Will produce the following:

  ColumnLineageGraph(nodes=[-3047688324833821294, 8934572903754805890, -22248459158511064, -3092611391038289840, 1490298382268190732, -6431655222193019101, -1002279244933706460], edges=[[8934572903754805890, -3047688324833821294], [-22248459158511064, 8934572903754805890], [1490298382268190732, -3092611391038289840], [-6431655222193019101, 1490298382268190732], [-1002279244933706460, 1490298382268190732], [-3092611391038289840, 8934572903754805890]], node_attrs={-3047688324833821294: 'GroupBy: id1_renamed\ncount((distinct hash_of_two_ids) AS cnt_ids', 8934572903754805890: 'concat_ws((_, id4, cast(hash_id as string)) AS hash_of_two_ids', -22248459158511064: 'Read from csv: id4', -3092611391038289840: 'hash((id1_and_id2, 42) AS hash_id', 1490298382268190732: 'concat_ws((_, id1, id2) AS id1_and_id2', -6431655222193019101: 'Read from csv: id1', -1002279244933706460: 'Read from csv: id2'})

Looks like it works, at least in our simple case.

Drawing the graph

To draw the graph as a tree, let's use the Python library NetworkX. And GraphViz as the drawing engine. You need to install the following packages to use it:

networkx
pygraphviz
matplotlib

  def plot_column_lineage_graph(
      df: DataFrame,
      column: str,
  ) -> "matplotlib.pyplot.Figure":
      """Plot the column lineage graph as matplotlib figure.

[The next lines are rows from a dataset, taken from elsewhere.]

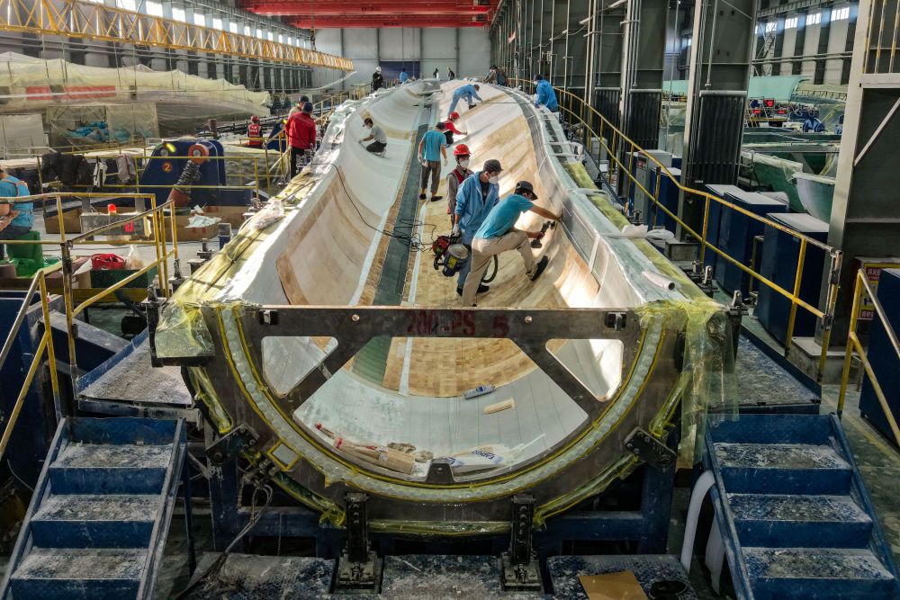 在甘肃省酒泉经济技术开发区的甘肃九鼎风电复合材料有限公司成型车间,工作人员进行风机叶片铺层作业(无人机照片)。新华社记者郎兵兵 摄
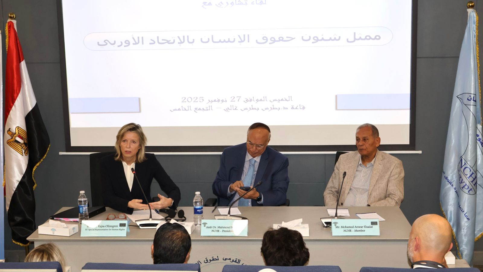 استقبل المجلس القومي لحقوق الإنسان برئاسة السفير محمود كارم،السيدة كايسا أولونجرين الممثلة الخاصة للاتحاد الأوروبي المعنية بحقوق الإنسان والوفد المرافق لها، بحضور الدكتور هاني إبراهيم الأمين العام للمجلس، وعدد من أعضاء المجلس.
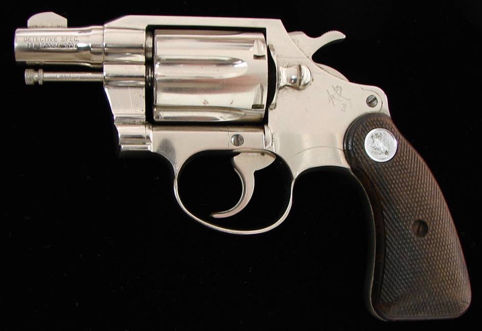 Colt Detective Special .38 Special caliber revolver 2nd issue with nickel finish. Made in 1965. Shows wear, more on the right side. Very good condition.
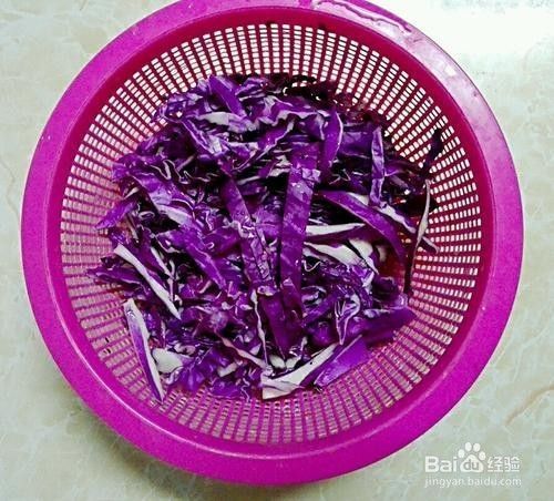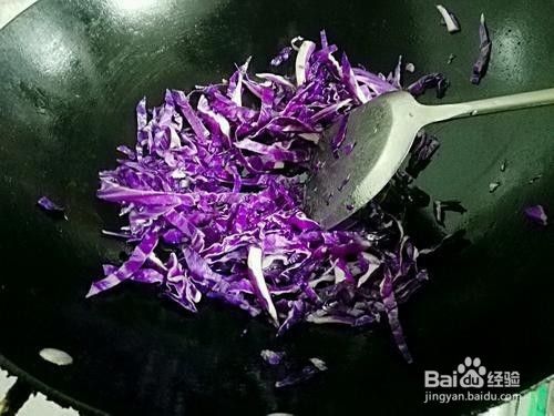 6.锅预热,放入油,油温热后放入紫甘蓝大火快速翻炒,再加入几滴醋,然后加入盐炒均匀,即可盛出
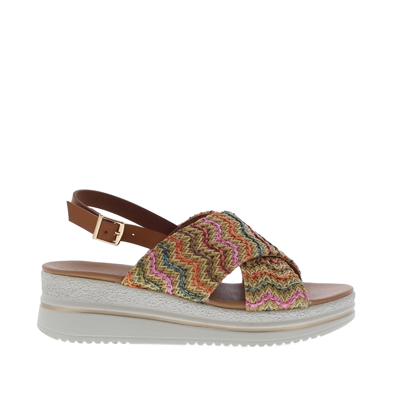 De Lisa&Jo Wikje-1 Plateau Multi Beige Multi is de perfecte sandaal voor vrouwen die op zoek zijn naar een stijlvolle en modieuze look. Deze trendy sandaal met gevlochten banden detail combineert een speels design met optimaal comfort, ideaal voor zowel casual als feestelijke gelegenheden. De buitenkant is gemaakt van hoogwaardig imitatieleer, wat zorgt voor een luxe uitstraling en een soepele pasvorm. De binnenkant is eveneens gevoerd met imitatieleer, wat bijdraagt aan extra draagcomfort. De antislip zool biedt stabiliteit en grip, ideaal voor dagelijks gebruik. De plateauzool zorgt voor extra hoogte zonder in te leveren op comfort, waardoor je moeiteloos stijlvol voor de dag komt.

      :param df: DataFrame
      :param column: column
      :returns: matplotlib.pyplot.Figure
      """
      try:
          import networkx as nx
          from networkx.drawing.nx_agraph import graphviz_layout
      except ModuleNotFoundError as e:
          err = "NetworkX is not installed. Try `pip install networkx`. "
          err += (
              "You may use `get_column_lineage` instead, that doesn't require NetworkX."
          )
          raise ModuleNotFoundError(err) from e

      try:
          import matplotlib.pyplot as plt
      except ModuleNotFoundError as e:
          err = "You need matplotlib installed to draw the Graph"
          raise ModuleNotFoundError(err) from e

      import importlib

      if not importlib.util.find_spec("pygraphviz"):
          err = "You need to have pygraphviz installed to draw the Graph"
          raise ModuleNotFoundError(err)

      lineage = get_column_lineage(df, column)
      g = nx.DiGraph()

      g.add_nodes_from(lineage.nodes)
      g.add_edges_from(lineage.edges)

      pos = graphviz_layout(g, prog="twopi")
      pos_attrs = {}
      for node, coords in pos.items():
          pos_attrs[node] = (coords[0], coords[1] + 10)
      nx.draw(g, pos=pos)
      nx.draw_networkx_labels(g, labels=lineage.node_attrs, pos=pos_attrs, clip_on=False)

      return plt.gcf()

If we run it, we get the following:

  import matplotlib.pyplot as plt
  col = "cnt_ids"
  f = plot_column_lineage_graph(dat_new, col)
  f.show()

Looks exactly as what we need!

Afterwards

This functionality is mostly for educational purposes, to better understand how Spark Plan is organized. Another possible use case is if you need some simple inline Python code for this task. For real production data lineage on top of Spark, I recommend using a Spline Project!